A South African couple decided to visit Zimbabwe’s popular Victoria Falls recently, but instead of getting the hospitality and trap themselves into the majestic views of the smoke that thunders, they faced the hostility they had not bargained for.
The elderly couple has vowed never to visit Zimbabwe again and spread the message to potential tourists.
They faced the traumatic experience at the hands of the Zimbabwe Republic Police traffic section and their trip turned into horror all because the cops wanted them to pay something.
For an offence where they had to pay $20, the police demanded that they fork out $120.
The presence of police roadblocks all over within a short space could not help matters, it spoiled their joy.
This is the life of a tourist in Zimbabwe and while they face the same treatment, locals are also not spared the agony of spot fines, most of them inflated.
Another family from San Diego, California, came into the country and testified during the AMH Conversations of how the police along the highway frustrated their tour by displaying arrogance and unnecessary thoroughness in finding fault all in the name of extortion.
Traffic police, according to testimonies from residents who gathered for the Alpha Media Holdings discussions on Wednesday titled Impact of Roadblocks on Civil Liberties and Productivity of our Nation, have become a menace on Zimbabwe’s roads by demanding bribes and harassing people.
“It is known that if you scrutinise every car you find fault. On our way back from Kariba, we were stopped, no reason given, no fault was found. Ultimately, there was a little light on the number plate that I was asked to put on and fortunately, it was working. They were just looking for something, but no issue of safety.
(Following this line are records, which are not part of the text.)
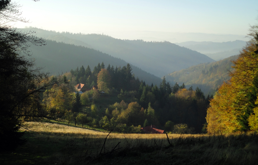Veziem sa busom cez Dlhé Pole, srdce drotárskeho kraja. Dlhé je ako slíž, len polí nikde :-) Dolina čím vyššie, tým užšia. Spoj nejde až na konečnú, ale nevadí, lebo končí jasná noc na konci októbra, v doline je kosa ako v ruskom filme, dobre padne poklusom sa zohriať ten zvyšný kilometer po les. Nasleduje pekný chodník farebným lesom hore na červenú „hrebeňovú zvážnicu“, k osade Vrchrieka. Prípory, prvá samota nad dolinou, už sa kúpu v slnku - hneď je teplejšie. Inverzia ako má byť, dnes našťastie bez hmly, bude to super. Zvedavý som len na hĺbku a kvalitu bahna – to aby hore nebolo, to by bol zázrak. Bude sranda, lebo idem „naľahko“, len v teniskách, aby som pobehol ak ma bude čas súriť. Autobus nepočká. Ale mám moje „ultratrailové psie dečky“, tie ma zachránia :-)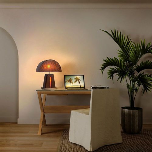 Natural Mica 25" Accent Table Lamp in Espresso and Weathered Brass with night light feature and 4-Way Rotary Switch. Created by designer, Michael Almodova, the Mica Accent Table Lamp it topped with a half-moon shade. The warm glow of the Mica shade creates a dome of shimmering light that highlights the unique characteristics of the natural material. In the body of the lamp, a nightlight gently glows from the center of the craftsman style base. The 4-way switch allows the user to turn on the top section,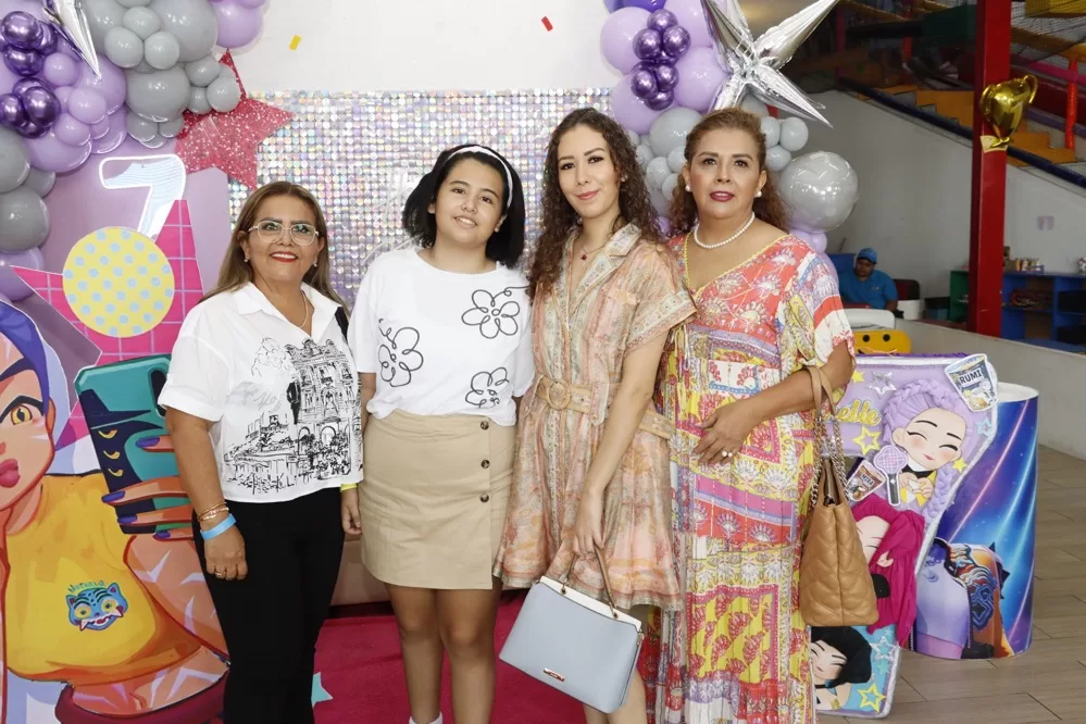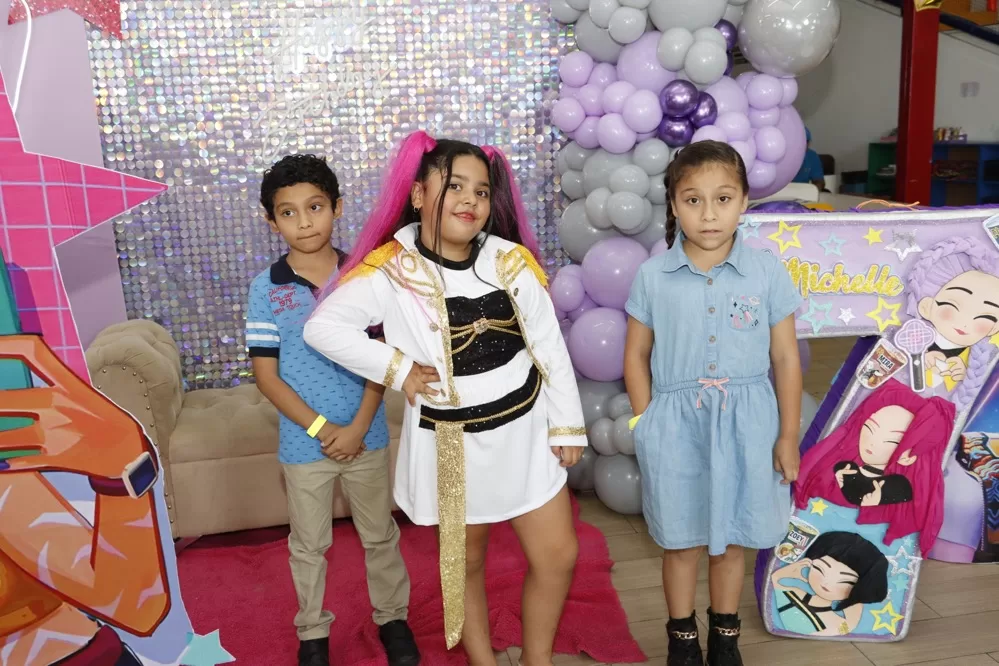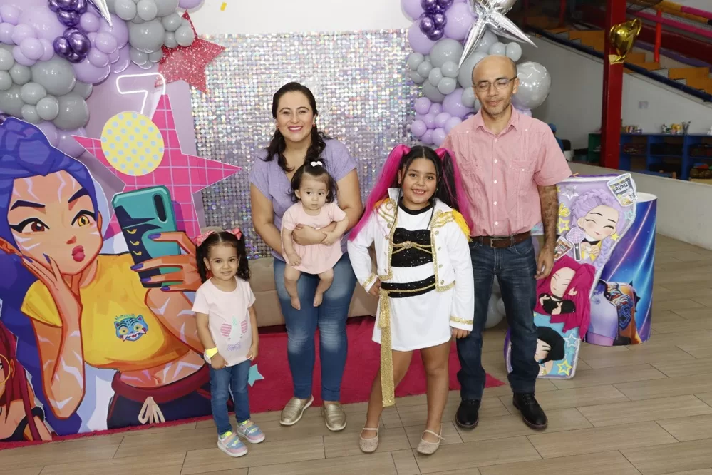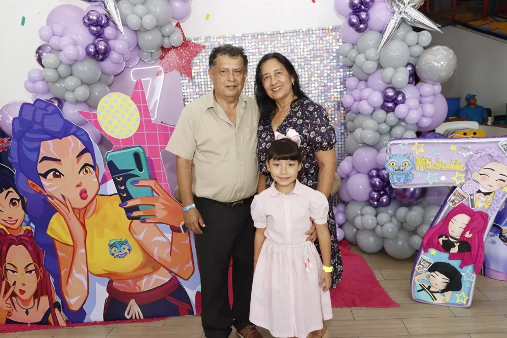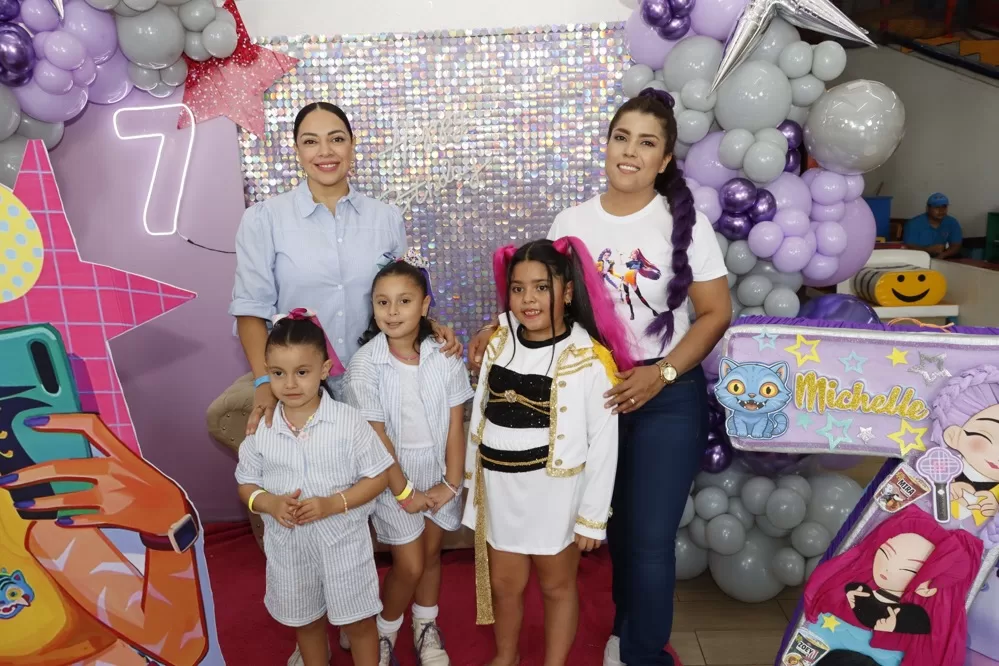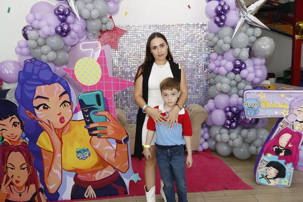 Al estilo de la película animada Las Guerreras del K-Pop, Michelle Marroquín celebró su séptimo cumpleaños rodeada de amigos y familiares en un exclusivo recinto, donde todos disfrutaron de deliciosos bocadillos, golosinas y refrescantes bebidas, además de divertirse con las distintas atracciones preparadas para la ocasión.

It really gives you a bad feeling,” said one of the tourists from San Diego contributing during the debate.
Police visibility on the roads, though necessary, has become a cause for concern, frustrating and an affront to people’s freedoms.
Zimbabwe Council for Tourism president Francis Ngwenya said the behaviour of police officers when dealing with tourists was in most cases damaging.
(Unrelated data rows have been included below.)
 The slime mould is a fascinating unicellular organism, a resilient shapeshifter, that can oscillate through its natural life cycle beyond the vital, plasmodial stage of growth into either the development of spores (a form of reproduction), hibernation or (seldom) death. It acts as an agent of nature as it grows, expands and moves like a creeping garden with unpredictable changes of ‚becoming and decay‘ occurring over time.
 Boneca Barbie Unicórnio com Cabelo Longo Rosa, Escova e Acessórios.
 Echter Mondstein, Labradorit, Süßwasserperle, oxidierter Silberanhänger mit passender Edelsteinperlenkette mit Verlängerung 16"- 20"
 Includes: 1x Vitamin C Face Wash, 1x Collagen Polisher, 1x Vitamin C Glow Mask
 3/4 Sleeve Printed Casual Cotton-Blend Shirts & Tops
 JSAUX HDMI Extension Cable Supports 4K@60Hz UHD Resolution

“There is damage on tourism. The perception is that police officers are there to extort money from tourists, especially driving cars with foreign number plates. What happens here is more than what happens in other countries. They say they enjoy the Falls and other resorts, but there is a problem when it comes to extortion,” Ngwenya said.
Ngwenya said police should be trained on how to engage tourists as they were creating employment by coming into Zimbabwe hence there was no need for them to be harassed.
A lot of questions were asked regarding the behaviour of police officers and the logic behind the spacing of roadblocks metres away from each other.
Combined Harare Residents’ Association director Mfundo Mlilo said that it was painful to plan for a journey given the amount of roadblocks in the shortest of distances with money being demanded at each one of them.
“Judging from what is happening, Zimbabwe has become a police State. I come across six roadblocks to work. In some countries, you don’t encounter police in the same way like you do in Zimbabwe unless there is a disaster,” Mlilo said.
“We are concerned that police now behave like judges on the roads. We are concerned about the lack of transparency. If you stop a motorist and say she/he should pay $80, where does someone get that money? People don’t have money to pay on the spot.”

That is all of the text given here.